Synology DSM e-mail notifications

For many years I’ve been enjoying very performant and stable e-mail service provided by Google’s “G-Suite” while Google’s been enjoying sniffing through all my organisation’s users e-mail communication in return. Obviously for sensitive info an extra encryption layer is employed but since this was a tiny minority of the general e-mail volume, it was basically a type of symbiosis. This win-win relationship was recently abruptly severed as Google was kind enough to inform us about imminent upgrade to the services we were using. The said “upgrade” was of course to be performed free of any charges. It’s just that the “upgraded” services are supposed to be paid more or less double the industry average per user fee. No need to tell that nowhere in the letter, there was any mention about the prices. The text was focused purely on how much we are all going to love all the new wonders we’d get if we were quick to “switch now and save!” (sic!).

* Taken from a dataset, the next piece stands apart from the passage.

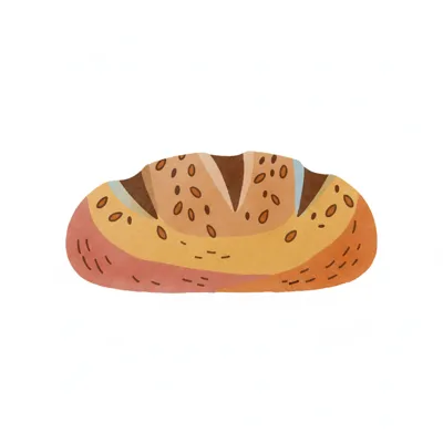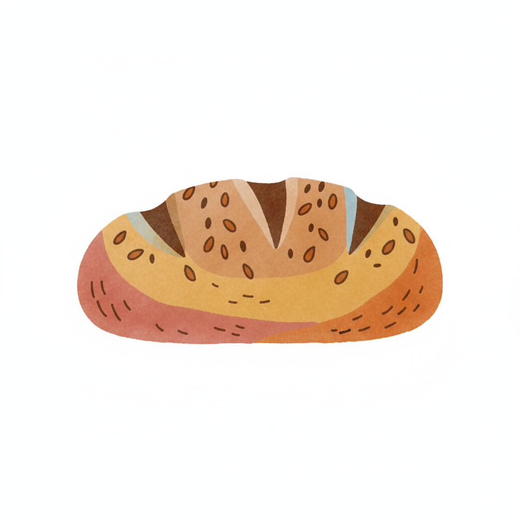 Ein illustrierter Brotlaib mit Samen und Einschnitten in warmen Farbtönen auf weißem Grund.
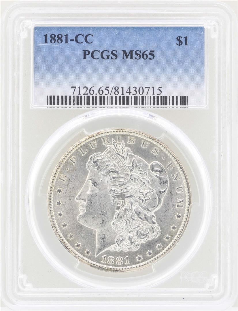 One 1881-CC $1 Morgan Silver Dollar Coin PCGS MS65. PCGS Graded.

Time to set another mail system up. Just this time not for an external customer but for my company.

Surely that was a job, which interfered with current important tasks but since it’s been chewed over and postponed a good number of times already, this time there were no excuses left. So… thing’s been set up, users and all their crazy aliases migrated, rather sizeable e-mail base synchronised over, MX-es switched, another sync and boom! Or rather “voila” It Just Works™ Every e-mail client around the organisation seems to be happy with the new setup. Not that there are so many of them to choose from 🙂

Except… Synology NAS servers admin notifications arrive now as e-mail rejection notifications rather than regular messages XD

If you ever encounter the problem of e-mail admin notifications (not to be confused with users mail if you use those on the NAS – we don’t) being rejected with

535 5.7.8 Error: authentication failed: Invalid authentication mechanism

then you may realise that Synology expects only one authentication method to be always available on the server it communicates with: LOGIN and there’s no way to select a different one. Good that they don’t insist on sending credentials in plain text without SSL/TLS! Nor insist on employing TLSv1.0 for example as some still do.

I see basically only two options for tackling the issue:

  • use another, external mail/submission server, which supports LOGIN (sender’s domain restrictions may apply)
  • enable LOGIN on the server you initially didn’t want to have it enabled on

None of the two is perfect but well, you can’t have everything, right? Where would you put it?